Because CloudFront has so many edge locations (108 at the time of writing), it wasn’t practical to get a list of all of them and set 108 A records — plus this would require activating the “static IP” feature of CloudFront which gives you a dedicated IP for each edge location, which costs around NZ$1,000 a month.

And to top all that off, whatever solution we decided to use would only be in place for 2 months as the site was being migrated to a fully managed service. We needed a solution that would be quick and easy to implement — AWS to the rescue!

So, we had three choices:

  1. Stay with Fastly and figure out how to ban the bad actors
  2. Move to CloudFront and figure out the redirect (bearing in mind we only had A records to work with)
  3. Do nothing and incur the NZ$5,000 cost each month — high risk if the move to a managed service ended up being delayed. We decided this wasn’t really an option.
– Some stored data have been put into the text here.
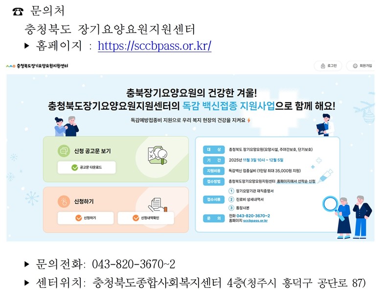 한편, 이번 장기요양요원 독감백신 접종 지원사업은 지난 9월 충청북도 장기요양요원지원센터 개소 이후 첫 지원사업으로, 향후 안전한 돌봄환경 조성을 위하여 다양한 건강관리 프로그램으로 확대 운영될 예정이다.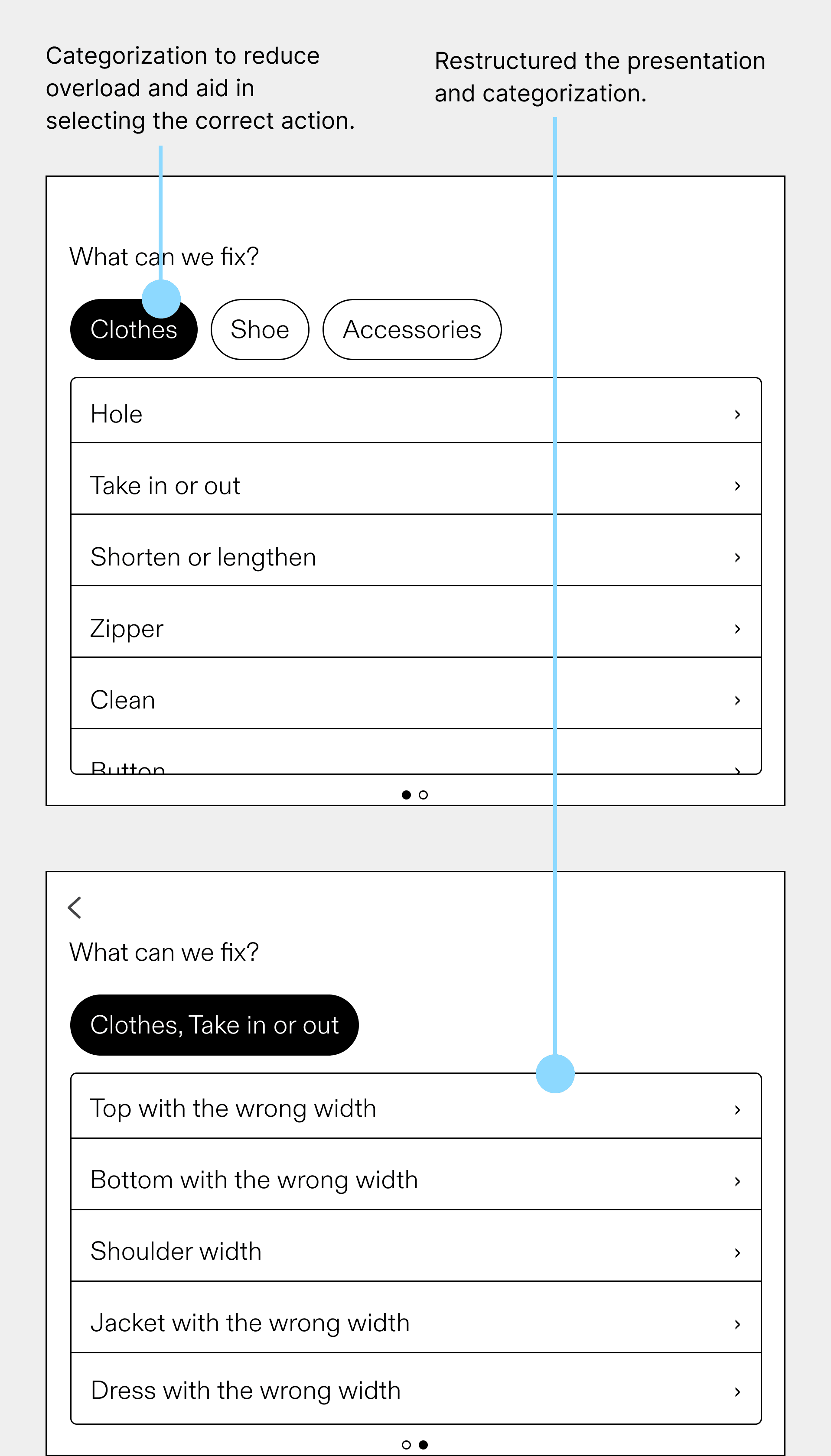 To determine the best way to help users understand repair options, we conducted a workshop to develop an ideal user flow and information architecture. It became clear that we needed to categorize options, group repair options where they fit together, and present the repair flow so that users can easily understand which repair option suits their needs.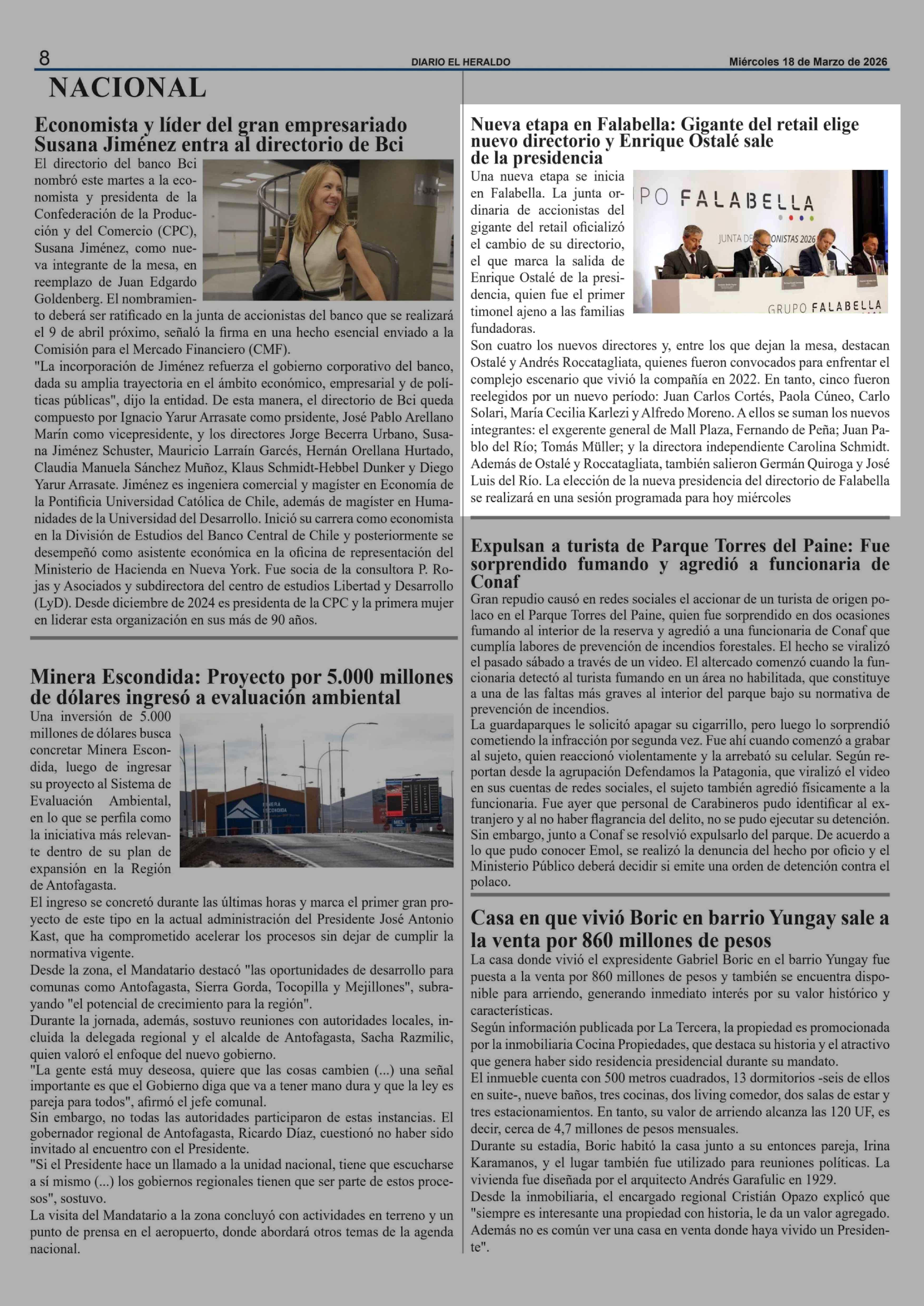 Nueva etapa en Falabella: Gigante del retail elige nuevo directorio y Enrique Ostalé sale de la presidencia 18-03-2026 El Heraldo |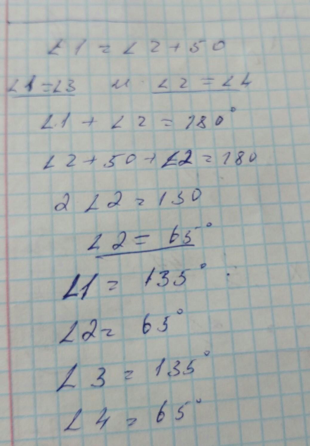 ∠1=∠2+50° ⇒ ∠1+∠2=∠2+50°+∠2=2*∠2+50°=180°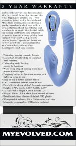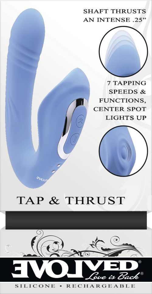 Evolved Tap and Thrust Dual Vibrator. Evolved Love Is Back. Embrace the curve! This delicious dual vibe buzzes and thrusts for internal bliss while tapping for external joy. Two sensations joined with a flexible bend! Made from creamy, smooth Silicone, a gently curved main shaft ends with a swelled textured head that vibrates and stretches for an erotic life like feel while the tapping shaft treats your external erogenous zones to a lit up pulsing beat that just will not quit! Both powerful motors feature 7 speeds and functions to wow your body, even underwater as vibrator is completely waterproof. Submersible for bath tub play. Size 6.7 inches in length, 5.5 inches insertion length. Rechargeable vibrations. Easy to clean. 5 years warranty. Categories: Sex Toys for Couples, Rechargeable Vibrators, Strap-Ons, Harnesses, Double Dongs. 2023.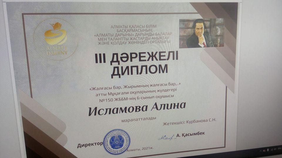 12 наурыз 2021 0 Награждена дипломом III степени и дипломом М. Исламова Алина, ученица 6 класса школы им. Хамраева, награждена дипломом III степени и дипломом по городу. Руководитель Курбанова С. Н. Поздравляем! Осы беттің QR-коды:QR-код этой страницы:

We considered spinning up a reverse proxy and pointing the apex domain at it to redirect to the www subdomain (remember, we couldn’t use an S3 bucket because we could only set A records) but decided against this approach because we’d need to make the reverse proxy scalable given we’d be introducing it in front of the CDN during an ongoing DoS attack. Even though the current attack was slow, it could have easily been changed into something more serious.

We decided to stay with Fastly and figure out how to automatically ban IP addresses that were doing too many requests. Aside from the DNS limitation, one of the main drivers for this decision was inspecting the current rate of the DoS — it was so slow that it was below the minimum rate-based rule configuration that the AWS WAF allows (2,000 requests in 5 minutes). We needed to write our own rate-based rules anyway, so using CloudFront and WAF didn’t solve our problems straight away.

Thankfully, Fastly had an API that we could hit with a list of bad IPs — so all we needed to figure out was:

  1. Get access to the Fastly logs,
  2. Parse the logs and count the number of requests,
  3. Auto-ban the bad IPs.

Because Fastly allows log shipping to S3 buckets, we configured it to ship to our AWS account in a log format that could be easily consumed by Athena, and wrote a couple of AWS Lambda functions that:

  1. Queried the Fastly logs S3 bucket using Athena,
  2. Inspected the logs and banned bad actors by hitting the Fastly API, maintaining state in DynamoDB,
  3. Built a report of bad IPs and ISPs and generated a complaint email.

The deployed solution looked something like this:

By leveraging S3, Athena, Lambda and DynamoDB we were able to deploy a fully serverless rate-based auto-banner for bad actors with a very short turnaround. The customer was happy with this solution as it avoided having to incur the $5000 NZD / month cost, avoided needing to change the existing brittle DNS setup and also provided some valuable exposure into how powerful serverless technology on AWS is.

It’s implementing solutions like this that helps set Consegna apart from other cloud consultancies — we are a true technology partner and care deeply about getting outcomes for customers that align with their business goals, not just looking after our bottom line.